Although you can technically do other things, such as disallow<remove /> but not <clear />, or vice versa, these types of locks are ineffective. The <clear /> and <remove /> elements are basically interchangeable. You can simulate a <clear /> with a series of <remove /> elements, so preventing a child configuration file from using <clear /> but not <remove /> is pointless. Similarly, preventing the use of <remove /> but not <clear /> is questionable because <clear /> is just a fast way of removing all previously defined items in a configuration collection.

Locking Provider Definitions

Because a good chunk of this book is about Membership and Role Manager, you may be wondering how the attribute lock feature works with provider-based features. You may be thinking that with the attribute-based lock feature, you can customize portions of your provider definitions and restrict the redefinition of many of the provider attributes.

To see which attributes in a provider <add /> element are lockable by default you can use the trick mentioned earlier.

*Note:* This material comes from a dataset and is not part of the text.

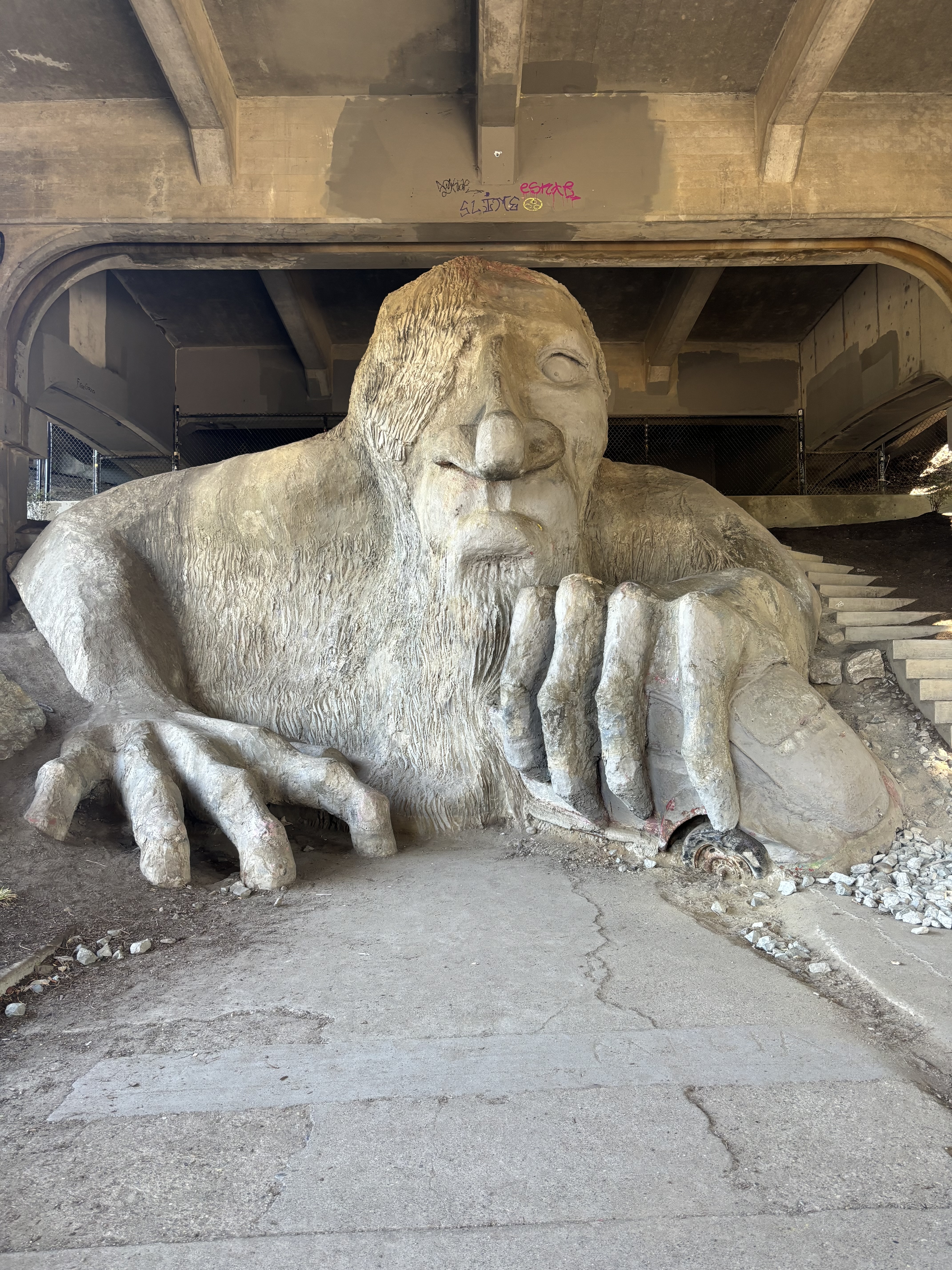 We woke up early on Saturday because we had a big day planned. Our first stop was to see the Fremont Troll. You may recognize this creature from movies like Twilight and 10 Things I Hate About You. I didn’t tell anyone about it , so it was a surprise when we pulled up.

Take the sample application and create the following membership provider <add /> element:

<add lockAttributes=”foo” name=”AspNetSqlMembershipProvider” type=”...” connectionStringName=”LocalSqlServer” enablePasswordRetrieval=”false” enablePasswordReset=”false” requiresQuestionAndAnswer=”false” applicationName=”ConfigurationSample” requiresUniqueEmail=”true” passwordFormat=”Hashed” description=”some description here” />

The following error statement returns:

The following attributes can be locked: ‘name’, ‘type’, ‘connectionStringName’, ‘enablePasswordRetrieval’, ‘enablePasswordReset’, ‘requiresQuestionAndAnswer’, ‘applicationName’, ‘requiresUniqueEmail’, ‘passwordFormat’, ‘description’.

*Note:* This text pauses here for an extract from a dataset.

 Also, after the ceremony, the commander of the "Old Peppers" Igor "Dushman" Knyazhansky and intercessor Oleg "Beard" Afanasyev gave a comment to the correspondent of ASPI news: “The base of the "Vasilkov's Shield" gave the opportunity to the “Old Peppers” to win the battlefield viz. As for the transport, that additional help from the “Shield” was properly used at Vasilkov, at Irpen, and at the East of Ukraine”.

All provider definitions use the same underlying strongly typed configuration class (this is covered extensively in Chapter 9 on the Provider Model). The strongly typed provider configuration class defines only “name” and “type” as common provider attributes. Clearly though, each provider-based feature has a rich set of feature-specific provider attributes, and the error message shown previously is lists much more than the “name” and “type” attributes as available for lock.